Random Forest Based Melting Point Prediction

Researcher: Andrew Lang


A melting point web service is provided based upon a random forest model using open descriptors from the Chemistry Development Kit (CDK) and an Open Data dataset of 12634 melting points (ONSMP013). The model has an internal AAE of 11.597 °C, a RMSE of 38.786 °C, and an R2 value of 0.789. The model used the entire dataset as a previous analysis suggests the likelihood of over-fitting is minimal.


The random forest model was created in R (v.2.11.0) by using the randomForest package (v.4.5-34) and the following code:
mydata = read.csv(file="20110303combinedPrepped.csv",head=TRUE,row.names="molID")
mydata.rf <- randomForest(mpC ~ ., data = mydata,importance = TRUE)
 randomForest(formula = mpC ~ ., data = mydata, importance = TRUE)
               Type of random forest: regression
                     Number of trees: 500
No. of variables tried at each split: 50
          Mean of squared residuals: 1504.319
                    % Var explained: 78.85
The importance of the descriptors were calculated, see figure 1, below.
Figure 1. The importance of descriptors for modeling melting points.

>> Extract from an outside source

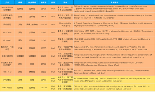 本届大会,作为中国医药创新代表性企业的利来国际真人娱乐医药共有46项抗肿瘤领域研究成果入围,包括4项最新突破性摘要(LBA)1,共涉及14项创新药。其中9项入选口头(Oral)报告,2项入选简短口头报告(Mini Oral),32项研究接收为壁报(Poster),3项研究接收为电子壁报(E-Poster),覆盖食管胃癌、妇科肿瘤、肝癌、乳腺癌、胰腺癌、肺癌、肉瘤、胆道癌、头颈鳞癌、前列腺癌、甲状腺癌等十余个领域。14款创新药包括10款已上市产品:注射用瑞康曲妥珠单抗(艾维达®,研发代号:SHR-A1811)、注射用卡瑞利珠单抗(艾瑞卡®)、苹果酸法米替尼胶囊(艾比特®)、甲磺酸阿帕替尼片(艾坦®)、马来酸吡咯替尼片(艾瑞妮®)、阿得贝利单抗注射液(艾瑞利®)、羟乙磺酸达尔西利片(艾瑞康®)、氟唑帕利胶囊(艾瑞颐®)、瑞维鲁胺片(艾瑞恩®)、海曲泊帕乙醇胺片(恒曲®),以及4款未上市产品,包括KRASG12C抑制剂HRS-7058、KRASG12D抑制剂HRS-4642、抗PD-L1/TGF-βRII双抗瑞拉芙普-α注射液(SHR-1701)、Trop-2 ADC SHR-A1921。2类新药盐酸伊立替康脂质体注射液(II)(越优力®)及国内首仿药昂丹司琼口溶膜(艾其速®)各有1项研究入选。

The model was then saved so that it could be deployed as a web service using the following code:
.saveRDS(mydata.rf, file = "rfmodel")
This model is available for download to use (44.8MB - license: CC0) or available to use as a web service.

Predicted vs. Observed Melting Points

To visualize the accuracy of the model, we plotted the predicted melting point vs. the observed melting point for all 12634 compounds, see figure 2 below. The compounds are coloured according to topological polar surface area and sized according to the number of hydrogen bond donors, the two most 'important' descriptors.
Figure 2. Predicted vs. Observed melting points


An open, transparent, and free to use accurate melting point model has been provided, either for download, or for use via a web service - where melting points are calculated from SMILES.


Deployment of the model was achieved using PHP, R, and the CDK Descriptor Calculator GUI (v.1.1.1) with helpful advice from Rajarshi Guha.